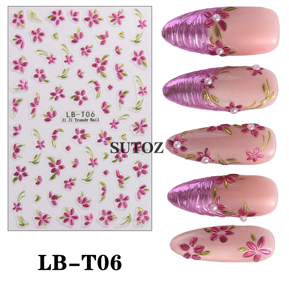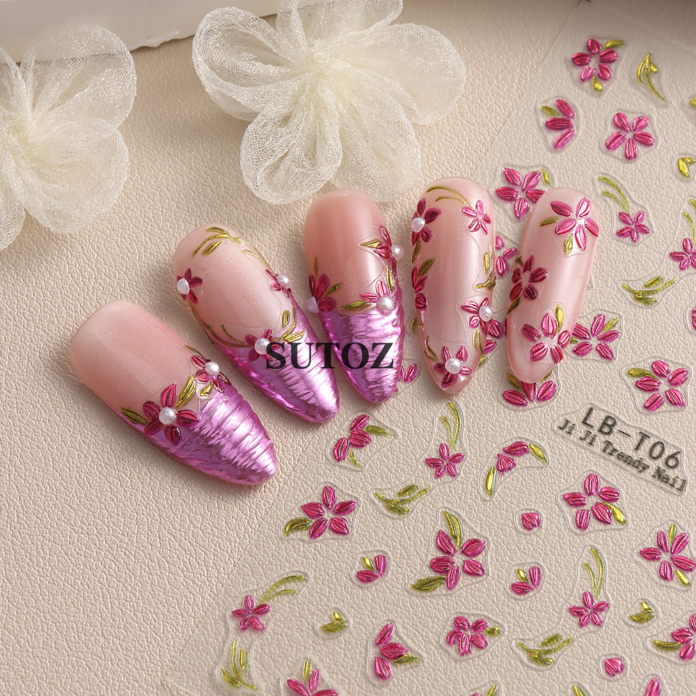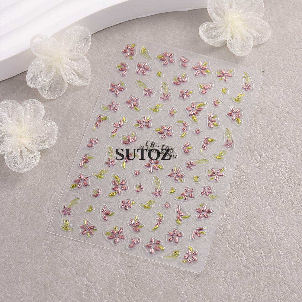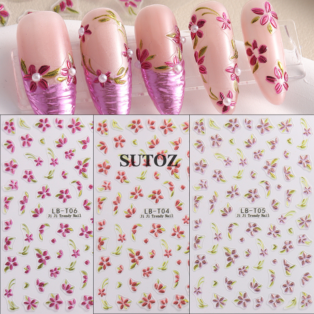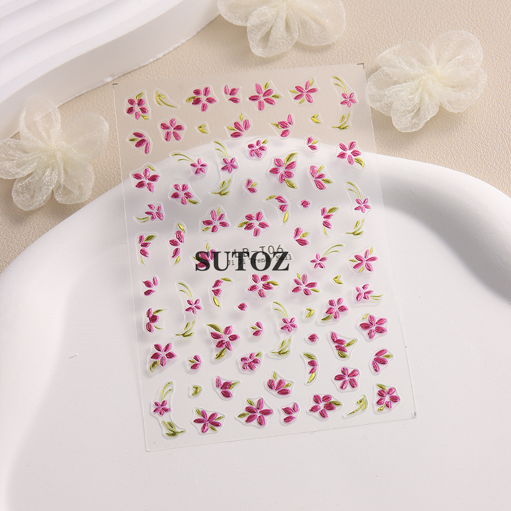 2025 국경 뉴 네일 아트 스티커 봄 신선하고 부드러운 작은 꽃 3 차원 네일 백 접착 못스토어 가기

::::::

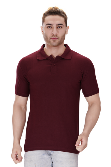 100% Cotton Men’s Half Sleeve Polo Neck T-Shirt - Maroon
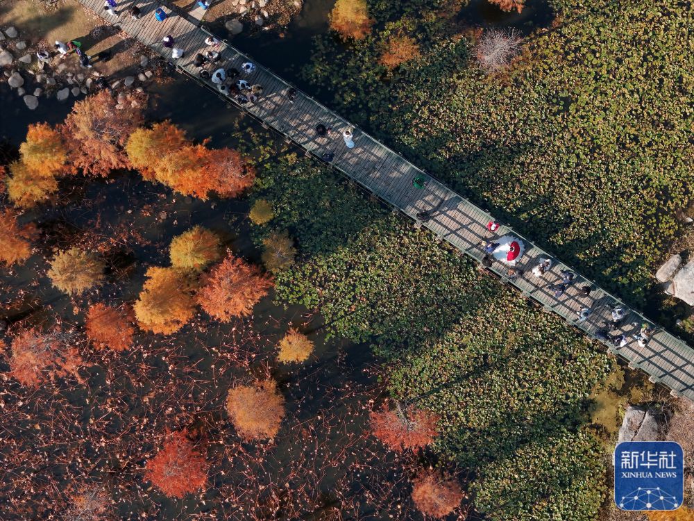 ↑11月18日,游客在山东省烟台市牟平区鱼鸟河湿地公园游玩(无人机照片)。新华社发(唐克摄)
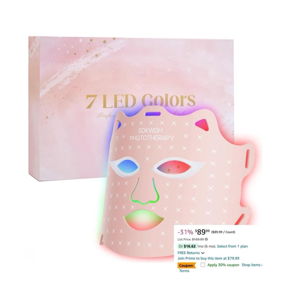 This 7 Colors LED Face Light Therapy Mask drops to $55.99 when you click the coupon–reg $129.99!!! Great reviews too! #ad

::::::

▸ TASK PROMPT:
Using the listing above, reproduce word for word every line from the one containing "100% Cotton Men’s" through the one containing "This 7 Colors". Pictures must be left out.

▸ ANSWER:
 100% Cotton Men’s Half Sleeve Polo Neck T-Shirt - Maroon
 ↑11月18日,游客在山东省烟台市牟平区鱼鸟河湿地公园游玩(无人机照片)。新华社发(唐克摄)
 This 7 Colors LED Face Light Therapy Mask drops to $55.99 when you click the coupon–reg $129.99!!! Great reviews too! #ad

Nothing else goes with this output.